Help Me Become a Teen Advocate


Why Do Teens Need An Advocate?

So, I’ve been thinking about this for such a long time. I’ve worked with teens for years and I’ve raised teens and am doing so still. Teens are unique. They need a voice and adults who will raise their voices.


Here’s why:


First, teens are different than children. In my experience, children are “easier.” They’re an easier sell because they’re small, they’re cute, they’re funny. They can’t make decisions for themselves. Their parents, guardians, teachers, and others make decisions for them. As long as they’re safe and can play, they’re usually happy. They have many advocates. Expectations for them are flexible and their path to happiness is varied. They are allowed to try many activities and are praised for their efforts.


Teens are not children. Do they have things in common with children? Sure. They no legal standing until they’re 18 when nearly all adult responsibility is dropped on them in one fell swoop. Unlike children, they’re not willing to accept “because I say so” as a reason anymore. They have way more responsibilities. They can drive, choose some of their classes, decide on their career and college interests, and have sex. They are big. They sometimes smell bad and sometimes say ugly hurtful things that they really mean. They have very few pure advocates and they face multiple gatekeepers in every aspect of their lives.


Second, teens are not adults. They can’t truly make decisions for themselves. They have increased responsibilities, but their freedoms don’t increase at the same rate. They’re told that they have to have their whole life’s path figured out by the time they turn 18, and at the same time face the pressures of high academic and social expectations. They have complicated families and family responsibilities. They’re not usually free to do what they want or to say what they want because their spheres of expression are usually limited to home and school.
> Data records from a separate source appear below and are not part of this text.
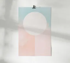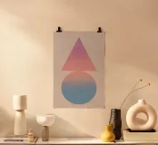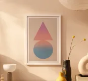 Dieses ruhige Design vereint klare geometrische Formen mit sanften Farbverläufen in Violett, Rosa und Hellblau. Das Dreieck und der Kreis schaffen eine harmonische Balance, die modern, stilvoll und meditativ wirkt. Perfekt für skandinavisch inspirierte Wohnräume, kreative Büros oder als ästhetischer Ruhepol in jeder Galerie.
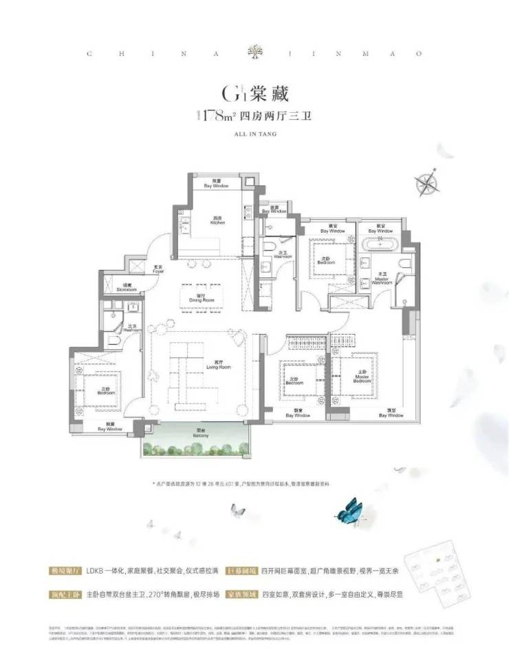 建面约117㎡3房2厅2卫,做到了3+1开间朝南+5个飘窗+主卧套房设计+270°转角飘窗,所有的尺度都有进一步提升。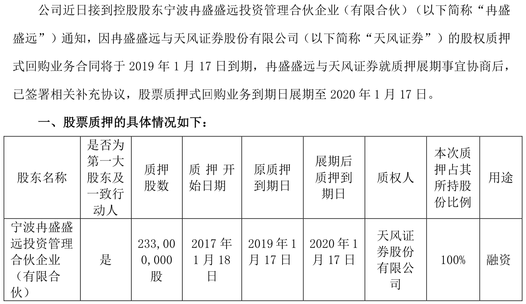 另外,按照约定,上述质押的2.33亿股原本应在2019年1月进行回购,后展期至2020年1月。至今,冉盛盛远这2.33亿股仍在质押中。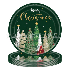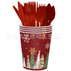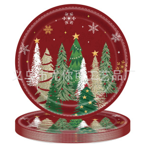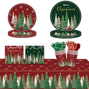 跨境新款红绿圣诞狂欢夜主题派对一次性桌布纸盘餐具套装生日聚会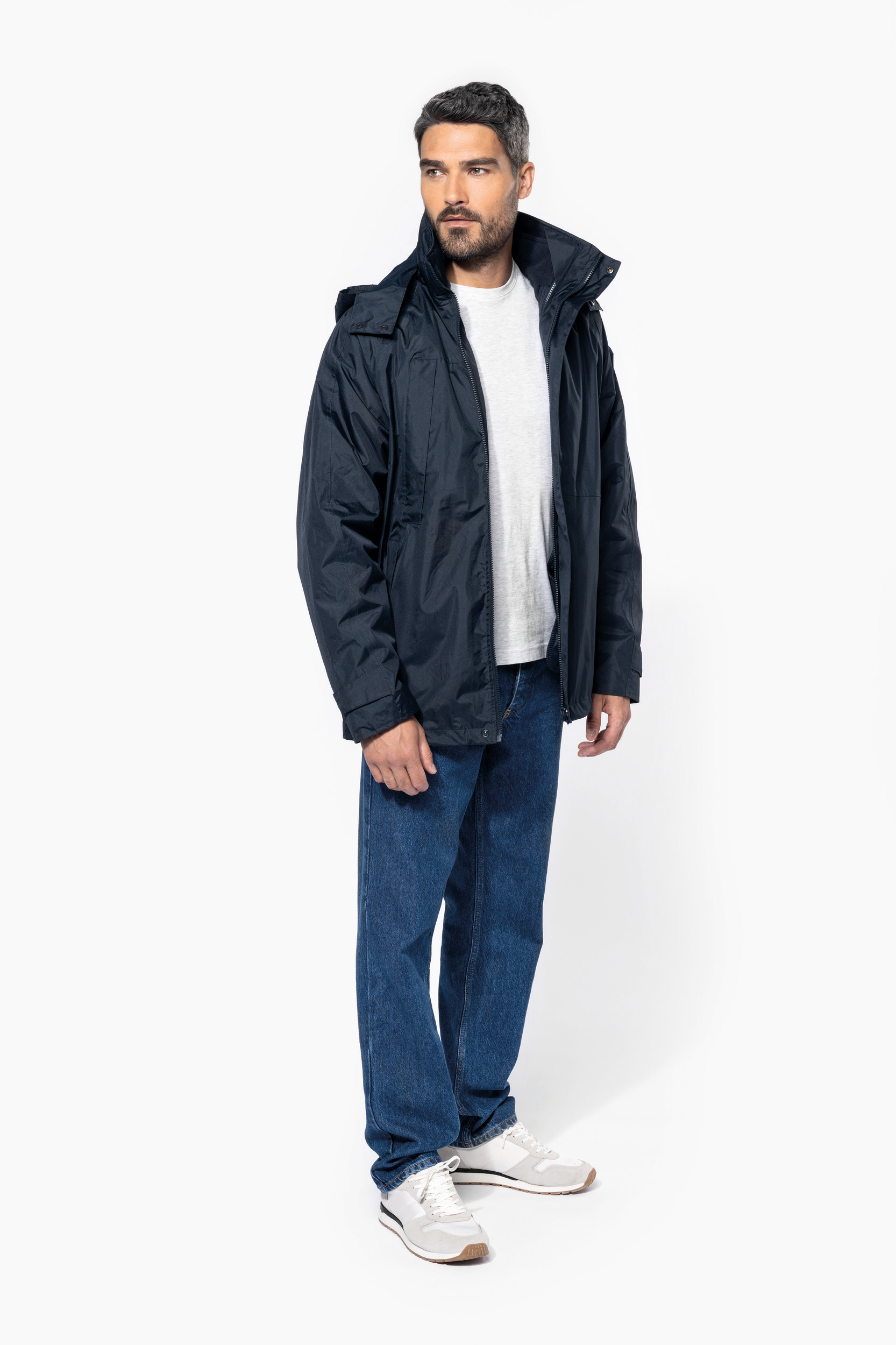 100% polyester enduction PVC. Coutures thermosoudées étanches. Parka 3 en 1 : doublure intérieure bi-matière. Corps : filet 100% polyester. Manches : 100% polyester. Fermeture zippée et patte de boutonnage à pressions. Intérieur col polaire. 3 poches devant zippées avec rabat. Pattes de serrage bas de manches auto-agrippantes. Capuche amovible doublée en filet avec boutonnage à pressions + stoppeurs. Zip intérieur pour personnalisation. Veste polaire : micropolaire 100% polyester. Manches doublées 100% polyester pour faciliter le passage des bras. Fermeture zippée. 2 poches côté. Veste polaire amovible rattachée à la parka par fermeture zip.
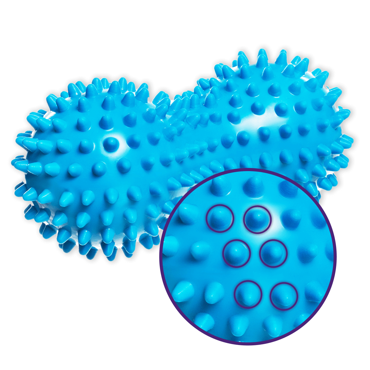 Podwójna piłeczka rehabilitacyjna z wypustkami sensorycznymi DrFit pozwoli Ci odkryć nową jakość regeneracji i relaksującego masażu.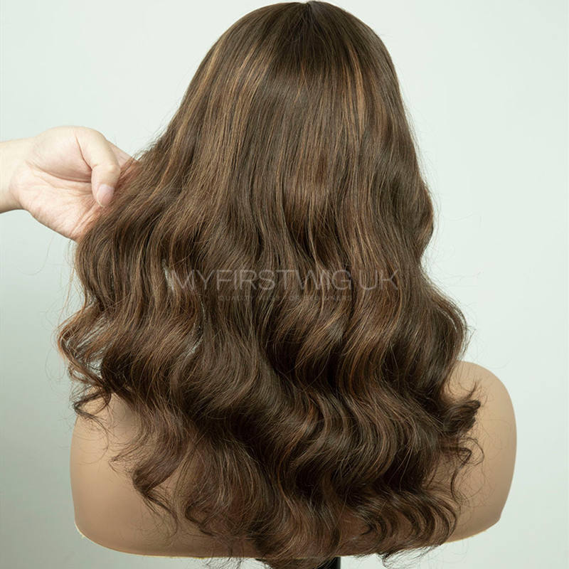 Wig For Hair Loss - Brown Highlight 9x9" Topper Silk Base/ Mono/ Swiss Lace Topper Human Hair Wig - WHLT003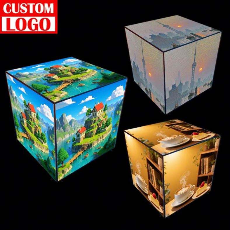 Caja de luz LED personalizada con logo impreso en forma de cubo

They don’t have their own spaces.


The usual response to the challenges that teens face is something like, “Ugh, everybody is miserable in middle/high school.” The greatest expectation people have for adolescence is that a kid survives it to actually “start their lives.” There’s no transition period. A kid goes from the fun and play of childhood to the control and stress of middle and high school to the freedom and dangers of adulthood/college with no gradual release or official expectations for increased responsibilities.


How can we be surprised when they struggle? Why do we just accept that they will struggle as a matter of fact?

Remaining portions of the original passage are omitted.